The industry is struggling with determining who should be responsible for notifying consumers that they are conducting business on legitimate Web sites.With so many vendors and technologies to chose from, state regulators are at a loss to come up with a method of providing the equivalent of a "Good Housekeeping Seal of Approval" to assure consumers that they are conducting business on legitimate insurance Web sites.
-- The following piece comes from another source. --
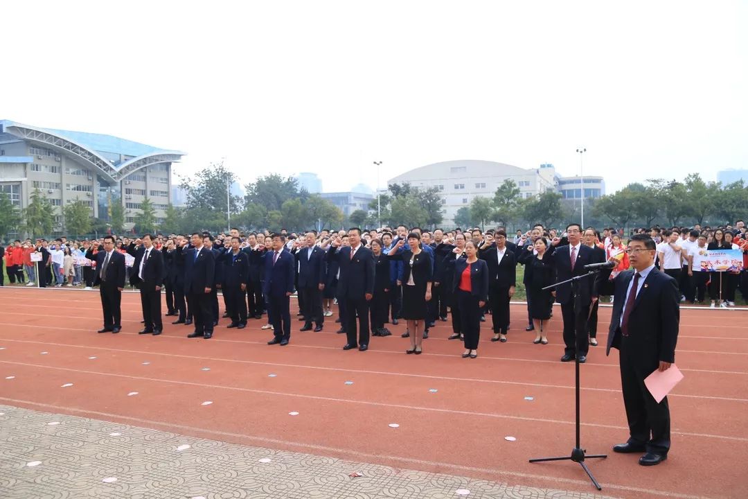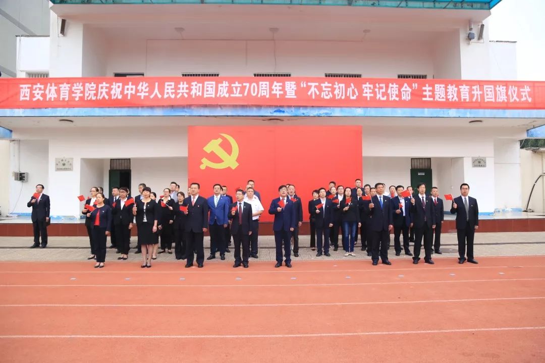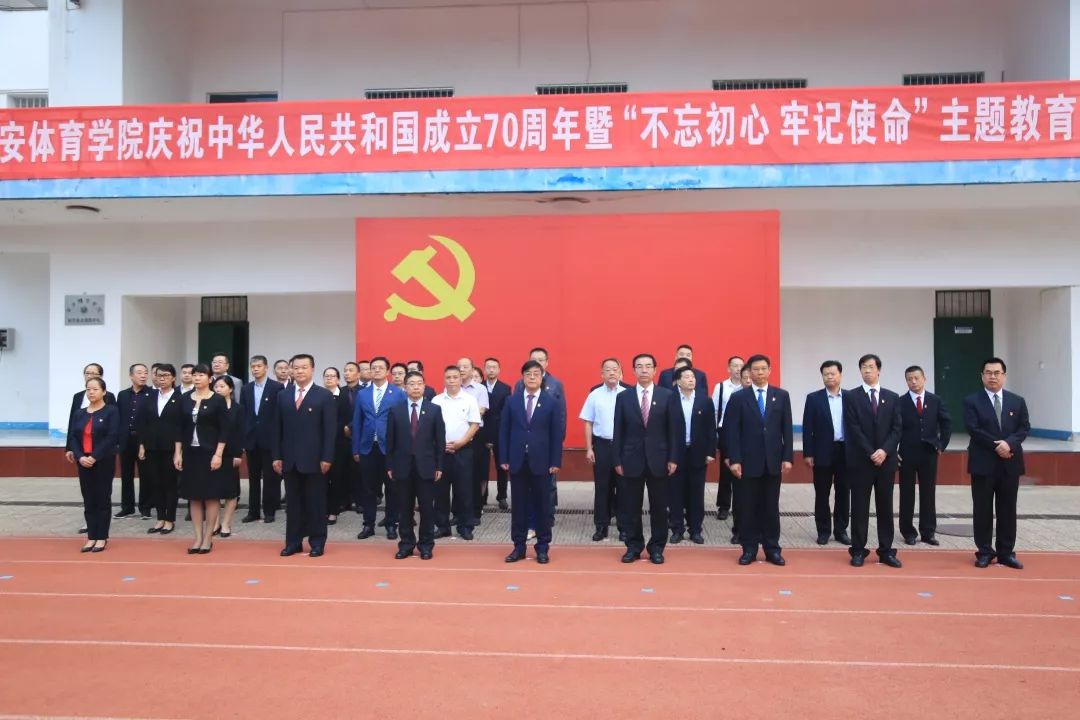 为庆祝中华人民共和国成立70周年,深入开展“不忘初心、牢记使命”主题教育,歌唱新时代奋斗主旋律,弘扬师生的爱国精神,我校于2019年10月1日早7:00在第一田径场举行庆祝中华人民共和国成立70周年暨“不忘初心、牢记使命”主题教育升旗仪式。今年会官方网站校领导、各二级党委书记、校团委全体成员、学工部、各单位主要负责人、全体辅导员、二级学院教师代表、学生代表、近两年发展的70名党员参加了升旗仪式,升旗仪式由校长朱元利主持。

Two working groups of the Kansas City, Mo.-based National Association of Insurance Commissioners have spent the past few months studying the issue.
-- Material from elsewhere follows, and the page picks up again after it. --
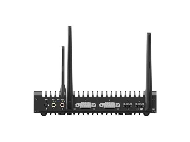 | Gränssnitt | 2 x USB 3.2 Gen 2 (2 fram) 1 x ljudutgång (1 fram) 1 x mikrofon (1 fram) 2 x seriell (RS-232/422/485) (2 fram) (RS232 / RS422 / RS485, BIOS valbar) 2 x USB 2.0 (2 bakre) 1 x HDMI (1 bakre) 1 x DisplayPort 1.4 (1 bakre) 2 x LAN (2.5Gigabit Ethernet) (2 bakre) 2 x Wi-Fi-antenn (2 bakre) |
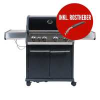 SANTOS Free S-410 Einbaugrill mit Heckbrenner, Schwarz, Inkl. Rostheber

"It is turning out to be a lot more difficult than we envisioned," says one technical expert close to the deliberations. "The federal legislation tells you that you cannot favor one technology over the other so we have to look at it in general terms, which is hard to do in the technical field."
In August, representatives from technology providers and consulting firms-including ValiCert, Entrust Technologies, VeriSign Inc., PricewaterhouseCoopers and Digital Signature Trust Co.-discussed the costs and benefits of using their products to gain Internet customers some peace of mind, and the regulators freedom from a barrage of complaints from unhappy consumers.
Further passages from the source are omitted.